KernelAbstractions.jl
KernelAbstractions.jl copied to clipboard
Doc: what does CPU() do ?
Thank you for this beautiful library !
In contrast with another recent issue I'm finding rather large speedup for the CPU kernel that I have implemented. The doc does not say anything that might explain it. Is it using oneAPI.jl or some other smart Julia rewrite ?
In my application (some form of dynamic optimization) I have a large loop, that is conceptually SIMD even though I'm using higher level constructs which apparently prevent it from being automatically vectorized (even with @simd keyword). It does not allocate.
Using Julia's Threads I get a X6 speedup (I have 8 cores) over the monocorde version. Using KA/CPU kernels I get a X12 speedup.
The second KA/CPU seems rather efficient and suggests some degree of vectorization but I don't find a way to confirm my suspicion. I'd it what happens ?
Sorry not to provide a minimal working example. I could work out one with some effort but would like to know first how suspicious I should be or nicer than expected results.
You can use @macroexpand on the @kernel to see the code KA generates for the CPU.
Thank you @vchuravy !
I did what you suggest and looked at the generated code, but there is no useful information there as most of the logic seems to be implemented in the library KA itself. I've tried to dig into the source, noticed plenty of inference barriers and (?) compiler directives, but must recognize I am out of my depth as to what exactly causes the performance gains.

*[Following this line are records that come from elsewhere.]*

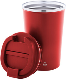 Dvoustěnný termo hrnek z recyklované nerezové oceli s víčkem na pití z PP. 350 ml.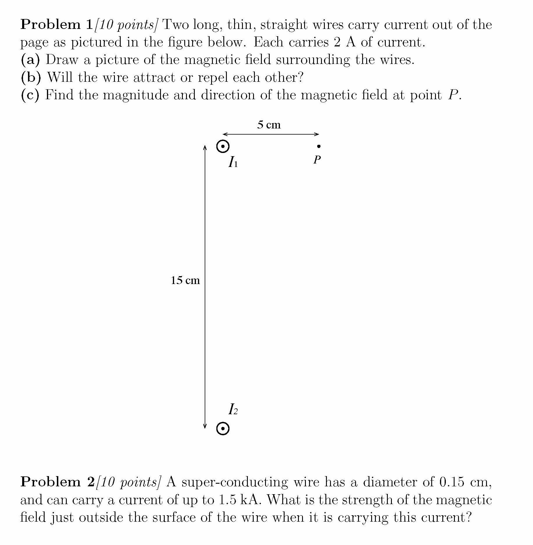Problem 1[10 points] Two long, thin, straight wires carry current o...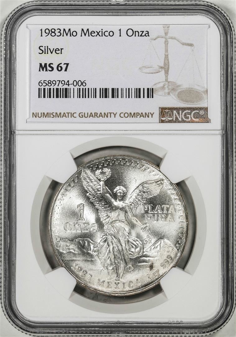 One 1983Mo Mexico 1 Onza Libertad Silver Coin NGC MS67. NGC Certified.
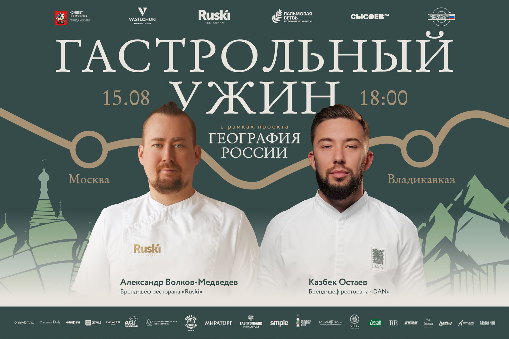 Ресторан RUSKI (354 Restaurant Group by Vasilchuki) при поддержке Комитета по туризму города Москвы и Гастрономической карты России продолжает федеральный проект «География России». Восьмой гастрольный ужин проекта состоится 15 августа во Владикавказе, где команду во главе с бренд-шефом Александром Волковым-Медведевым будет принимать в гостях ресторан DAN.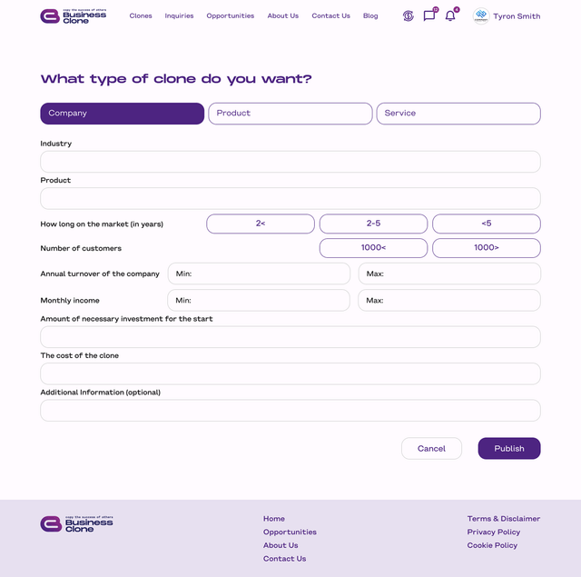 BusinessClone — це інноваційна платформа, яка допомагає підприємцям і інвесторам запускати або масштабувати бізнеси, копіюючи перевірені бізнес-моделі. Основна ідея полягає у «клонуванні» успішних компаній та їх адаптації під нові ринки. Це створює унікальну можливість для підприємців отримувати додатковий дохід, а для інвесторів — швидко стартувати з мінімальними ризиками.

I found no mention of oneAPI, so I assume it has nothing to do with it
In the code, there is a comment which says "# Vectorization, 4x unrolling, minimal grain size", but have no idea where that is implemented. I also checked the results of macros @ka_code_typed, @ka_code_llvm but didn't find any hint about some explicit vectorization.
So my working assumption, is that KA generates for each core of the CPU some LLVM code, which is suitable for autovectorization? Is that true?